If I own foreign assets, how should I report them to the CRA??
If you are a Canadian resident and the total cost of your specified foreign property exceeds $100,000 CAD at any time during the year, you must report these holdings by filing T1135 — Foreign Income Verification Statement. This form is submitted along with your annual tax return.
The purpose of T1135 is to ensure accurate disclosure of foreign assets and related income. Even if no income is earned from these assets, reporting is still required once the cost threshold is met..
Are foreign securities held in Canadian brokerage accounts subject to T1135 reporting?
Yes. Foreign investments held through Canadian brokerage accounts—such as U.S. equities—must still be reported if the total cost exceeds the $100,000 CAD threshold.
What if I sell my foreign assets during the year?
If at any point in the year the cost amount exceeded $100,000 CAD, you still have to file T1135 — even if the assets were sold before year-end. The reporting obligation is based on whether the threshold was ever exceeded in the year.
How do RRSP and TFSA contributions affect my taxes??
RRSP (Registered Retirement Savings Plan)
Contributions are tax-deductible, which can reduce your taxable income for the year.
For example, if you earn $60,000 and contribute $10,000 to your RRSP, you may only be taxed on $50,000.
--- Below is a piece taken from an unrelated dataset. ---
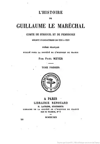 - Paul Meyer, Histoire de Guillaume le Maréchal, comte de Striguil et de Pembroke, régent d'Angleterre, Paris, Société de l'histoire de France, 1891-1901, avec une traduction partielle des sources originales en français moderne. L'ouvrage est également disponible ici.
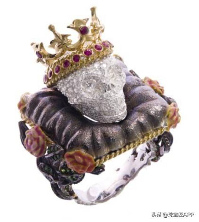 这枚骷髅戒指,采用18K金镶钻石、红宝石等彩宝镶嵌,头戴象征地位的高贵王冠,四周的玫瑰为阴郁的哥特风增添一抹浪漫气息,满载古雅气质的王者风范被镌刻成了永恒。

Investment growth inside an RRSP is tax-deferred, meaning you pay taxes only when you withdraw funds, typically during retirement (when your income — and tax rate — may be lower).
TFSA (Tax-Free Savings Account)
Contributions are not tax-deductible, so they don’t lower your taxable income.
However, any investment growth or income earned inside the TFSA is tax-free, even when you withdraw it.
This makes it a powerful tool for long-term savings and investment.